## What is required
In the records below, repeat exactly the lines between the line holding "Hossank, 1907 - issue 50" and the line holding "Ticket of the", inclusive, and drop the pictures.

## Provided information
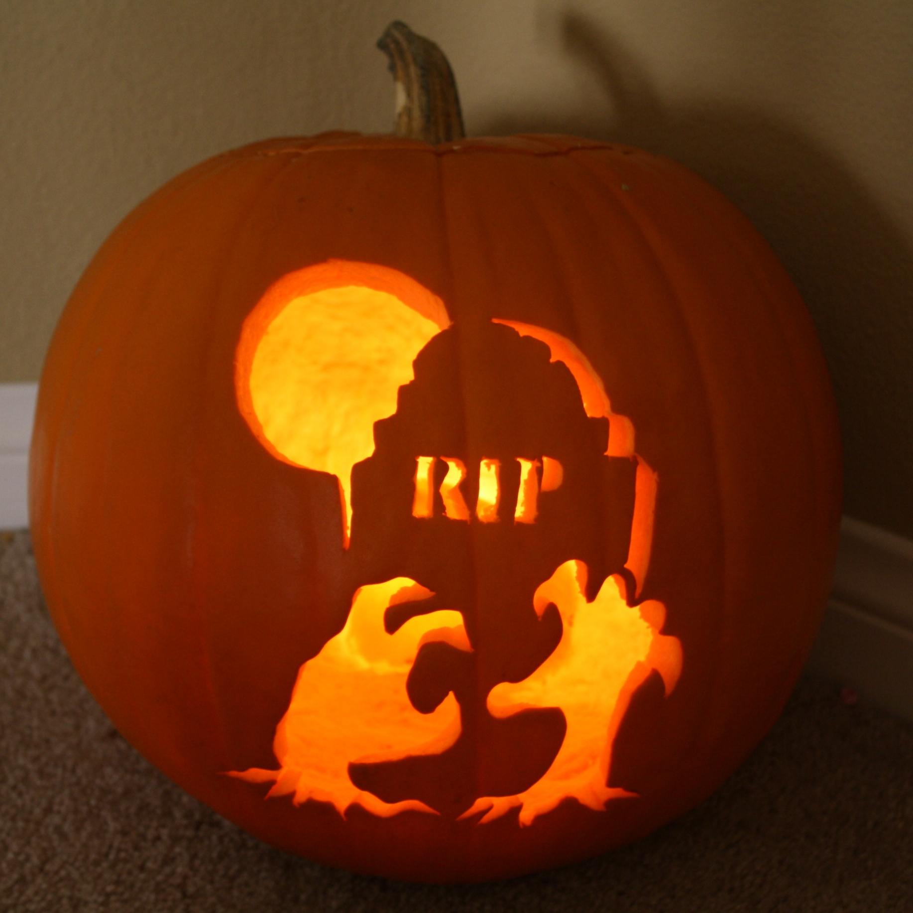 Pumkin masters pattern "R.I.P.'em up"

...

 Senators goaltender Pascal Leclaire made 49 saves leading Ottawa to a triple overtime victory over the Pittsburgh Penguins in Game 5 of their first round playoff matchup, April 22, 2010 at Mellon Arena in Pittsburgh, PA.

...

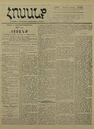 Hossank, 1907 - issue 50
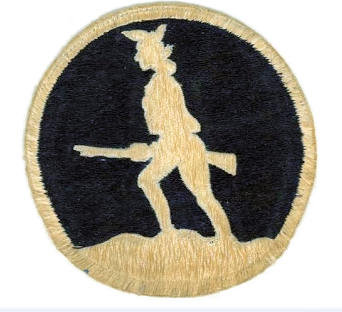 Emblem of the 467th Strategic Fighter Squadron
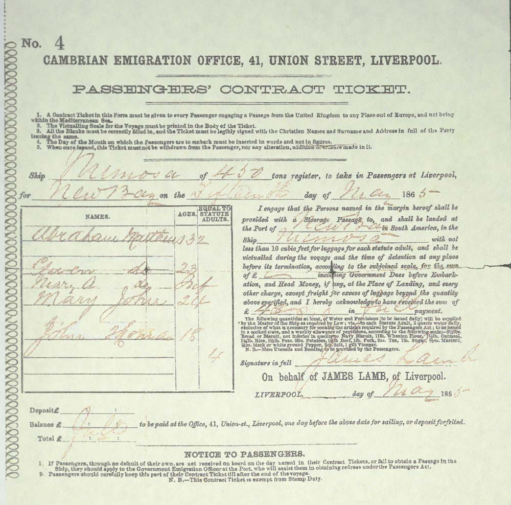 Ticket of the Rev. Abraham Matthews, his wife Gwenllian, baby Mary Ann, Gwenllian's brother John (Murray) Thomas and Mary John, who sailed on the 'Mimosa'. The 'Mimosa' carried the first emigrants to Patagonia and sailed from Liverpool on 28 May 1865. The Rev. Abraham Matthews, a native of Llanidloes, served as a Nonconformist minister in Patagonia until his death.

## Solution for this exercise
 Hossank, 1907 - issue 50
 Emblem of the 467th Strategic Fighter Squadron
 Ticket of the Rev. Abraham Matthews, his wife Gwenllian, baby Mary Ann, Gwenllian's brother John (Murray) Thomas and Mary John, who sailed on the 'Mimosa'. The 'Mimosa' carried the first emigrants to Patagonia and sailed from Liverpool on 28 May 1865. The Rev. Abraham Matthews, a native of Llanidloes, served as a Nonconformist minister in Patagonia until his death.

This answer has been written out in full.